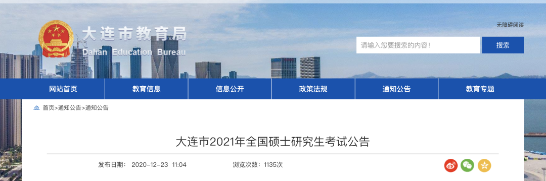 此外,大連市招考辦發佈2021年全國碩士研究生考試公告。
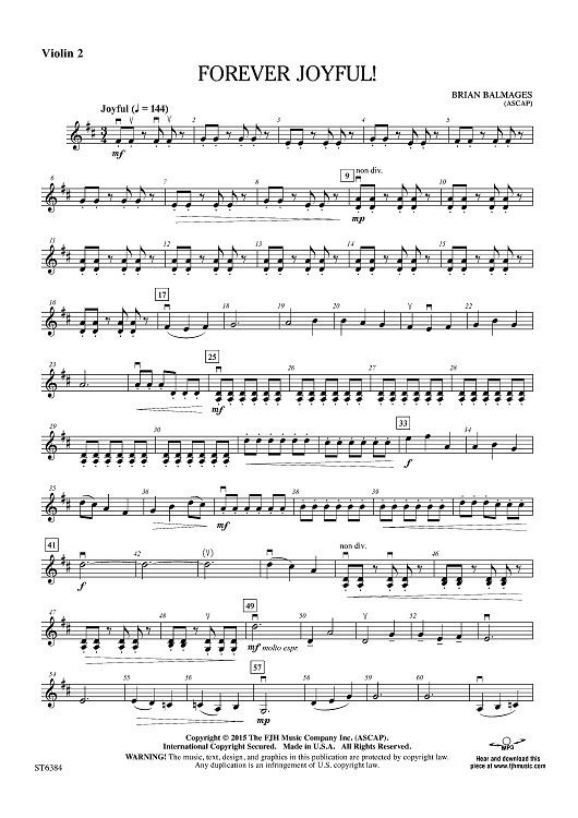 Digital Sheet Music for Forever Joyful! - Violin 2 by Brian Balmages scored for Orchestra; id:456221
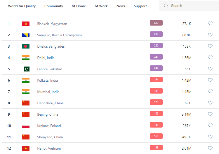 В рейтинге крупнейших городов мира по качеству воздуха World Air Quality Бишкек на 19.30 поднялся на первое место.

* **THE PROBLEM**
Leave the pictures aside and print exactly, and only, the lines from the one with "Digital Sheet Music" through the end of the data, both included.

* **RESULT OF THE TASK**
 Digital Sheet Music for Forever Joyful! - Violin 2 by Brian Balmages scored for Orchestra; id:456221
 В рейтинге крупнейших городов мира по качеству воздуха World Air Quality Бишкек на 19.30 поднялся на первое место.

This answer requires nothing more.